I open my window to the view below. It’s strange to arrive somewhere in the night and not know what your surroundings look like.

Quite lovely really. And here's the table where we pack our lunches:

Our hike today started and ended in Betws-y-Coed, which I can now pronounce. We climbed through the Gwydr Forest (pine, spruce?), not native anyway. We passed several mine openings and a mill where chunks of rock were broken down. The mines produced nickel and lead. The quarries produced slate. You get an impression that Welsh men are as strong as draught horses, industrious, fearless. And possibly short lived.

Our hike continued through a hilly and boggy sheep farm. Then down through another forest and along a river to the deafening Swallow Falls.

It was a lovely hike, marred by the fact that it rained the entire day. I was soaked through by mid-hike, despite having on my “waterproofs.”

What was interesting was my old friend Impatient Irma showed up every time we stopped. We were a group of six hikers and the trip leader, a lovely young Dutch woman called Wilhemina. I would be the youngest by a decade at least (bar the leader). So the group moved fairly slowly and each stop was interminable, as members took their packs off, removed their pack covers, rummaged around, had a bit of tea and a snack, and then reassembled. Being soaked, including squishy boots, meant I got chilled when we stopped. What helped me tell Irma to pipe down was the uniform loveliness and cheerfulness of my fellow hikers. They had 100 reasons why we were really fortunate. And we were—the air temperature was not that low, let’s say 52 when we expected mid 40s. And there was very little wind. It could have been much worse. They kept piping up with cheerful observations—how much prettier the waterfall was due to the rain, how it was good to be in a forest, and so on. They made me laugh at my own occasional grumpiness.

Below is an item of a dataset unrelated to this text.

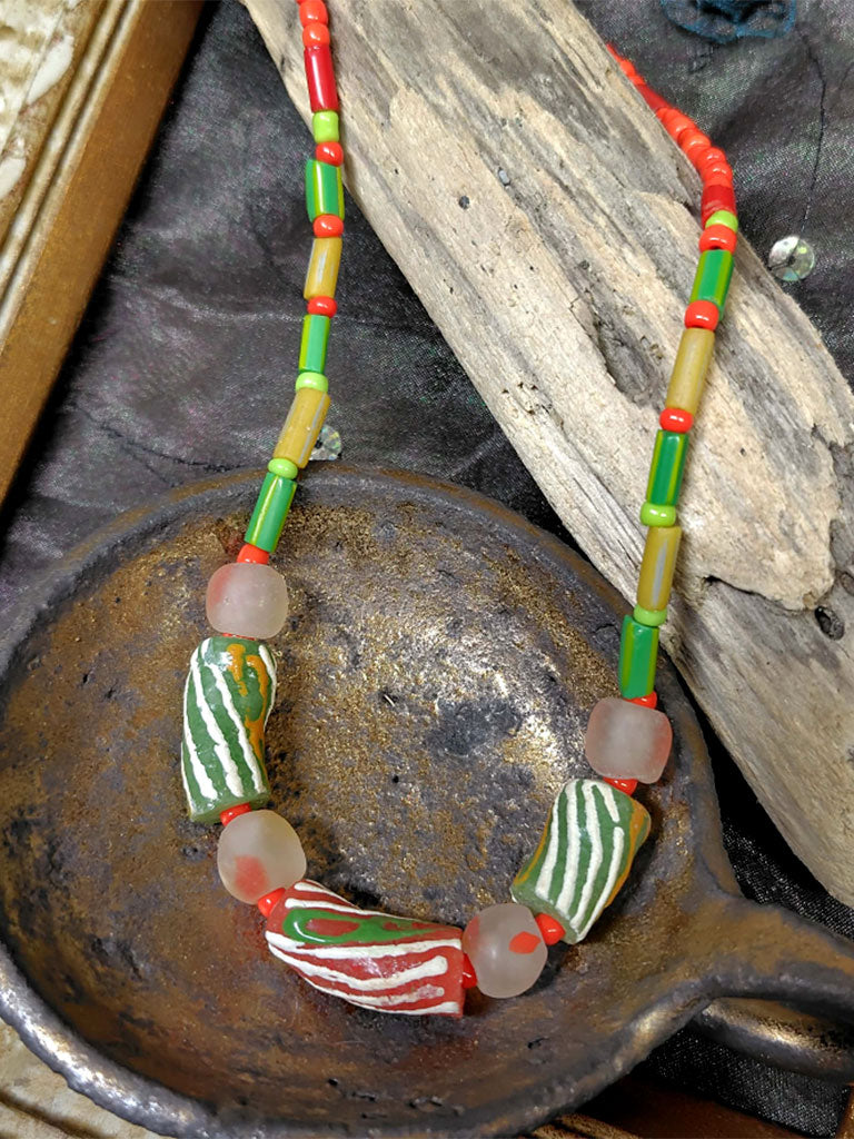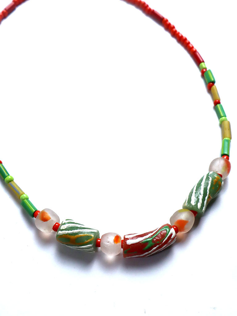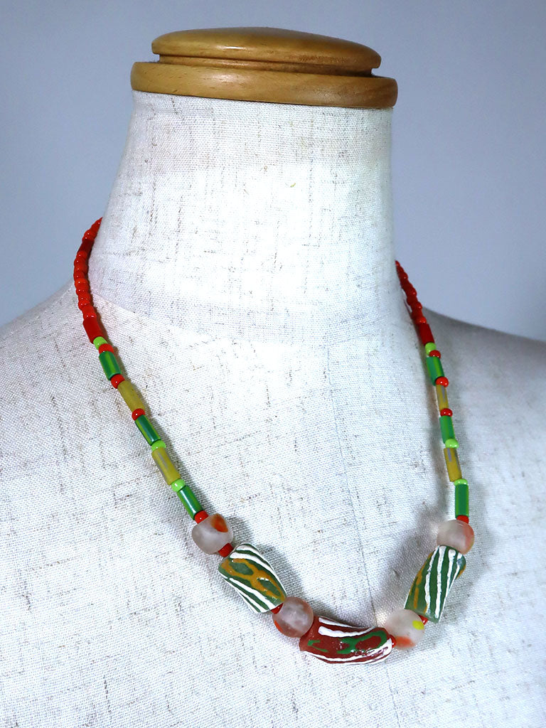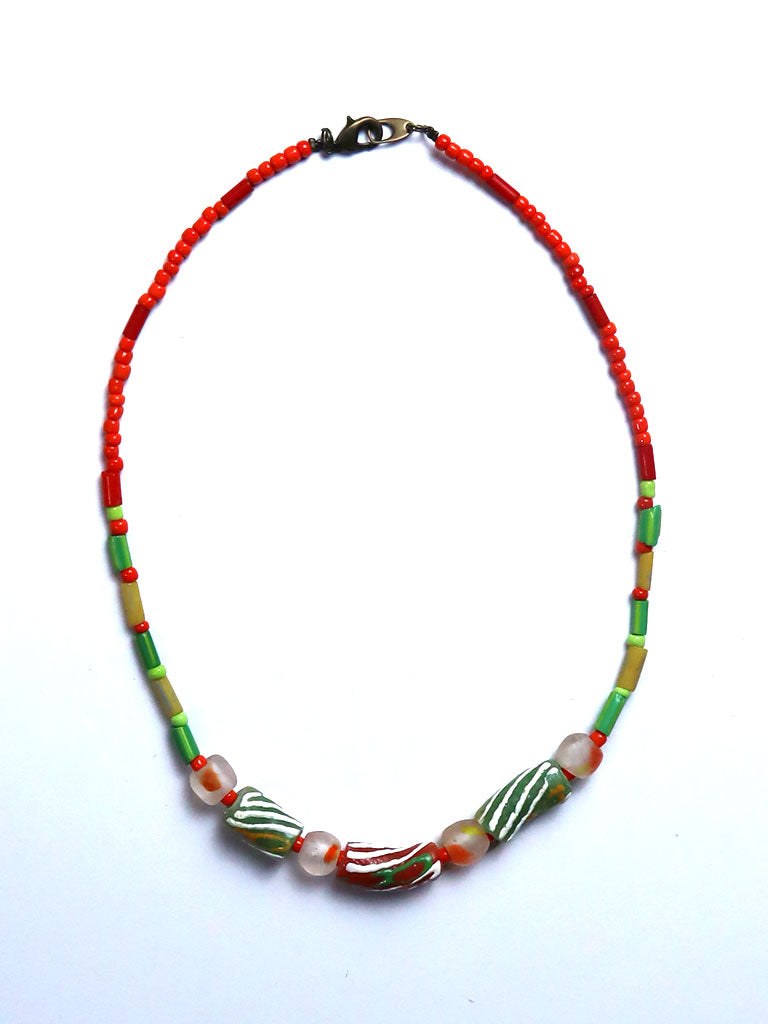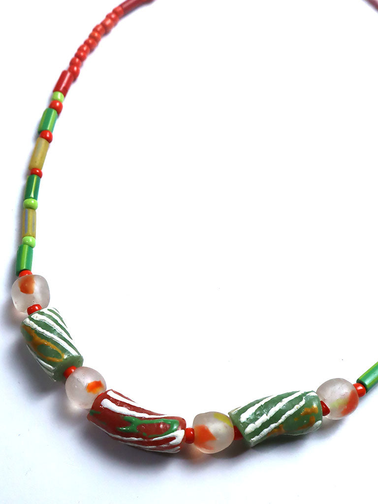 西アフリカのガーナ伝統の再生(リサイクル)ガラスビーズを使用した、梅田洋品店オリジナルのネックレスです。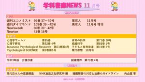 そこで、どのような書籍や雑誌があるのか「書庫ニュース」としてご紹介していきます。

It really is nice to have a group of rosy cheeked, cheery pensioners reset your internal compass, let’s call it your grumpass. When I’ve hiked on my own, my grumpass resets itself. I actually wrote an entire essay about this once. You face enough adversity when you hike that your instinct is to overcome it by boosting your positive outlook. I called the essay “Why I Hike.” But I’ve never hiked on a day where it rained constantly. So my “always look on the bright side of life” companions were boon indeed.

I forgot to mention today was my birthday—it’s nice to forget that. Not because I’m getting older but just because I had better things to do than think about my birthday. At the end of the hike, a hot shower and getting into bed—surely not a better present than being dry and warm after being cold and wet for so many hours.